Анатолий Приставкин
'Судный день'
Москва; изд-во 'Эксмо'; 2004.
OCR и вычитка: Александр Белоусенко; октябрь 2008.
____________________
Анатолий Приставкин
СУДНЫЙ ДЕНЬ
1
В здании старенького клуба, в центре поселка, происходила выездная сессия суда над рабочим сборочного цеха танкового энского завода Константином Ведерниковым.
Никто из собравшихся на суд в майский, теплый этот день, особенно тревожный, потому что в воздухе носилось охватившее людей предчувствие скорого конца войны, не сомневался, что дело Ведерникова решенное и закончится оно приличным сроком, ибо не стали бы по пустякам проводить такую сессию и собирать со всего завода и поселка народ.
Памятен еще был случай с электриком гальванического цеха Сырниковым, который опоздал на восемь минут и получил шесть месяцев принудработ условно. Но там, говорят, и никакой сессии-то не было, вызвали в административный корпус, зачитали по бумажке приговор и велели трудиться дальше, в том же, кстати, цехе. Только за бесплатно.
Но в том-то и разница, что у Сырникова было восемь минут прогула, у Ведерникова же этих минут далеко не восемь и даже не восемьдесят восемь, целая рабочая смена, то есть полных одиннадцать часов! Это ведь и представить и подумать страшно для тех, кто понимает, что такое не выйти на смену, прогулять без причин рабочий день, когда все твои вкалывают и не могут без тебя, ибо ты звено в их цепи, а план горит, а дело стоит, а военпреды терзают бригадира, и мастера, и начальника цеха, а те в растерянности смотрят на часы да еще на пустые платформы, которые выстроились посреди обширного двора для немедленной отправки боевой техники отсюда прямо на фронт… А техника – где? Где? Где?
Не было, так скажем, за все годы войны подобного этому случая, да и быть не могло. Не было, не могло быть, да случилось. И с кем случилось-то, благо бы с дежурным сачком, от которого можно что угодно ждать, а то с Ведерниковым, тем самым Ведерниковым, чья фамилия всегда на слуху, ею, считай, все уши прожужжали, на стендах примелькалась, в призывах многотиражки, на митингах, на совещаниях на разных, вплоть до Москвы. И везде, как в медные трубы: будьте как Ведерников! Работайте, как работает, по- фронтовому, стахановец Ведерников! Он и ударник, и передовик, и зачинатель движения… А он-то, зачинатель фиговый, и показал, чего он стоит. Это ведь как лестница, такая слава-то, чем выше поднимешься, тем больней падать!

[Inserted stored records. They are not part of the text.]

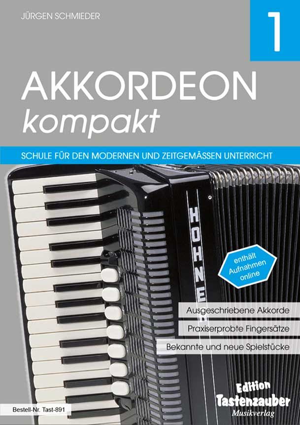Akkordeonschule für den modernen und zeitgemäßen Unterricht von Jürgen Schmieder mit ausgeschriebenen Akkorden, bekannten und neuen Spielstücken sowie praxiserprobten Fingersätzen. Das Schulwerk wurde überarbeitet und enthält nun Online-Audios.
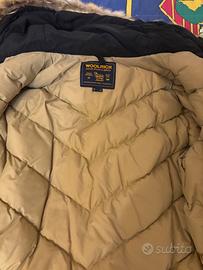 Ottime condizioni, molto caldo, utile x inverno, con cappuccio bordato in pelliccia, nero . Ha una riparazione sotto la tasca dx esterna, come evidenziato in una foto .
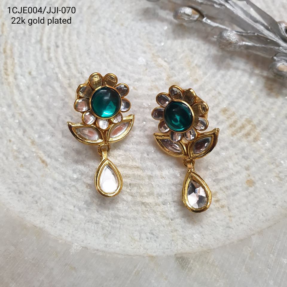 Royal 22k Gold Plated Emerald Stone Kundan Floral Earrings Fashionable High Quality Jewelry Earrings For Women And Girls
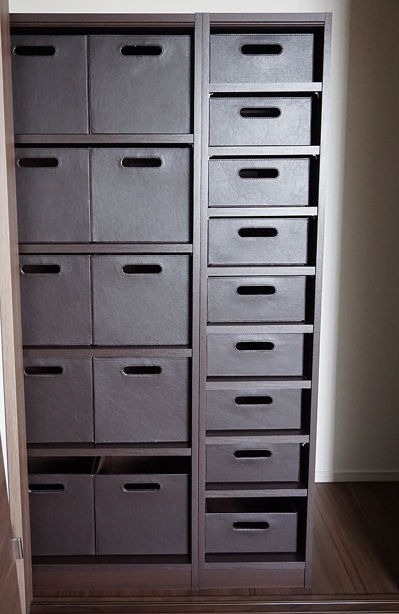 セミオーダー式のボックスは、ニトリの収納ボックスがぴったり収まるように内寸と棚板の厚みを計算して注文しました。
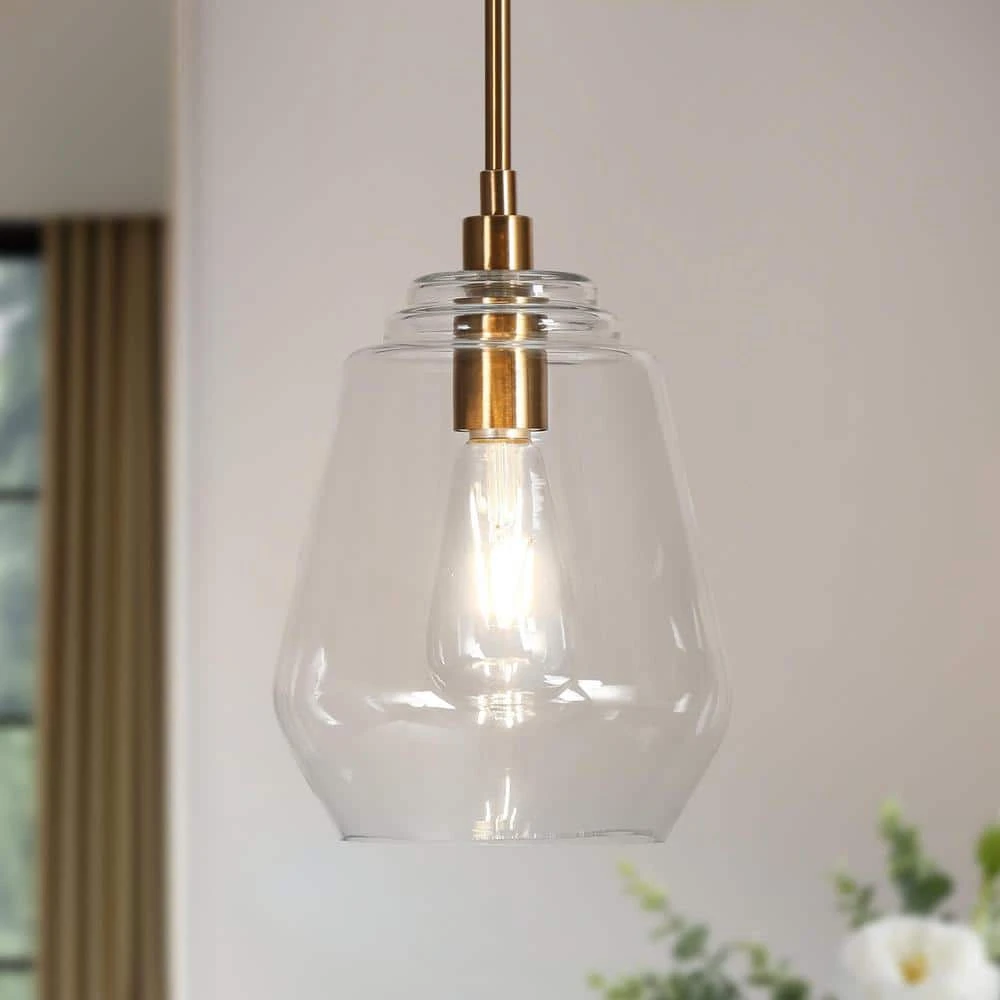 Combine modern, farmhouse, country, industrial, and other styles and designs into one cohesive design without losing harmony. Adopts an electroplated brass color finish with, a bell-shaped seeded glass shade, this chic pendant light is an ideal choice for decorating your home life. With the bulb (not included) lighted up, soft and warm light is spread through the clear glass shade, bringing the lighting while setting up a warm atmosphere. And its appropriate size is excellent whether it is used individually or combined in rows.

Так, меж собой, толковали люди, стоя раненько утречком перед закрытыми еще дверьми клуба, где, по объявлению, должен состояться тот самый суд. И далее, шепотком, передавали, что неспроста видели названного Ведерникова с прохиндеистым малым Толиком Васильевым, прозванным за голубые нахальные глаза Васильком. А он сорняк красивый и есть, Василек тот сам, рыльце в пушку, но и Ведерникова-тихоню затянул в дом к молодой спекулянтке Зине, что жила со своей несовершеннолетней племянницей в домике на краю поселка. Будто в тот домик знавали дорожку многие из здешних мужичков, проторив ее задами да огородами в темную ночку, к Зине, но может, и к племяннице, из-за которой дуры-девки – и произошел громкий на весь поселок скандал в известный апрельский день, закончившийся так печально.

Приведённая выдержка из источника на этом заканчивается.